If you were to ask me why I read the fundamental reason is because I was read to by my parents, day in day out, as they helicoptered banana into my greedy infant mouth, and ever since. My father gallantly ploughed through all of The Adventures of Pinocchio, a considerable task that took the best part of six months. Every evening he pleaded with me and my sister for an alternative, but we solemnly instructed him to read on. Later, when I paused to peel my own bananas, and looked around me, I saw shelf upon shelf of books, books, books.

Downstairs in the dining room, the top two shelves were end to end orange Penguin paperbacks from my parents’ student days. Invariably printed on non-acid-free paper, they haven’t aged well. The bottom rows were cookbooks suggesting delicacies from all corners of the globe, but mainly the French provinces. Upstairs in the study were exhibition catalogues, glossy and technicolour and in our bedrooms at the top of the house were the books we actually read. Little has changed. For two summers I ignored every shelf and developed more idiosyncratic pastimes, namely perving on a blameless builder constructing a wall at the end of our garden, and growing marrows, the skins of which I tattooed with messages to the poor fuckers set to receive the hulking beasts as a present.
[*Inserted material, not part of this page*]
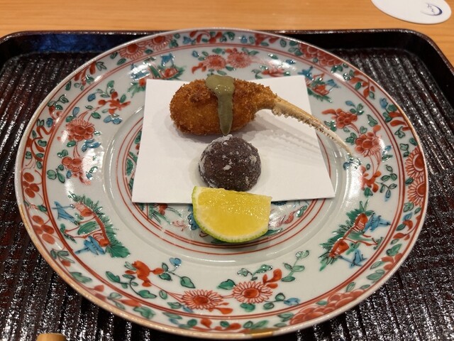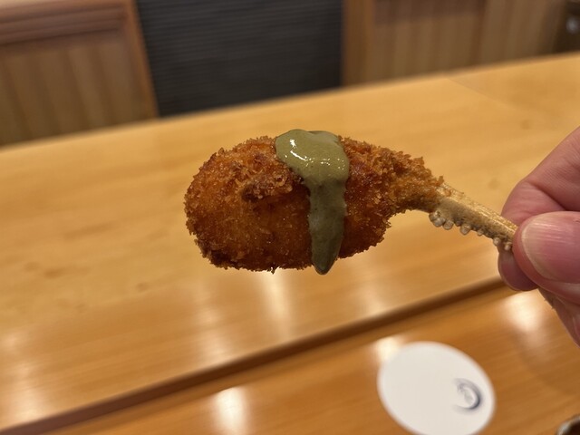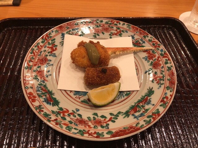 →続いては蟹爪フライと丹羽栗の渋皮煮フライという秋冬コンボ♫光井大将の蟹爪フライは永遠に食べられるフライなんですよね(^^)蟹爪身の繊維1本1本から旨みが弾けています♫そして丹羽栗は甘味が物凄いんです!少し寝かして糖度を上げた??とか色々感じながら甘さ爆発の渋皮煮フライを満喫しました(^^)/
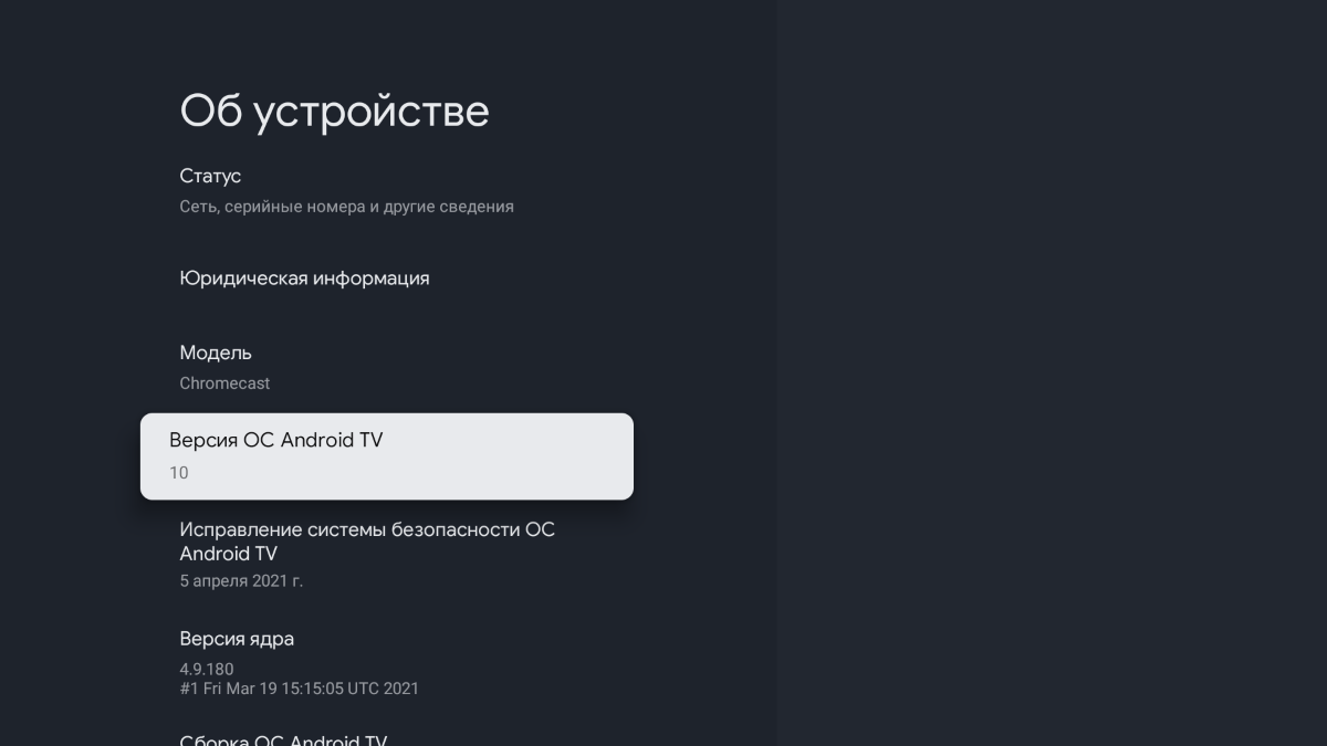 Прокрутите меню вниз и нажмите несколько раз на пункт Версия ОС Android TV, пока не появится сообщение о разблокировке настроек разработчика.

These were impossible to re-gift, or indeed to digest. The rest of the time, I dipped in and out of books, but was never a great reader.

Come secondary school, I encountered such debilitating bitchiness that it was a comfort to read about people being nice to each other, or at the very least, interesting. Enid Blyton was, by all accounts, a bitch of epic proportions, but St. Clare’s and Malory Towers were happier parallels of my own boarding life. I would have trusted the schoolgirl heroine, Darrell Rivers, with my life, at a stage when I didn’t trust those around me not to ruin it. In this fictional utopia, good friendships seemed possible. ‘More’ magazine offered sage advice on the ins and outs, so to speak, of boys. As did The Wife of Bath, up to a point, but I couldn’t pull off her bluster in a training bra and braces. From the pages of books I learnt to empathise; to understand that someone might be upset, and why. From books I gathered up all the information I needed to feel clever, and to prove it. And so to university, where I swapped the Roman alphabet for the hiragana and kanji of Japan, and later swapped right back.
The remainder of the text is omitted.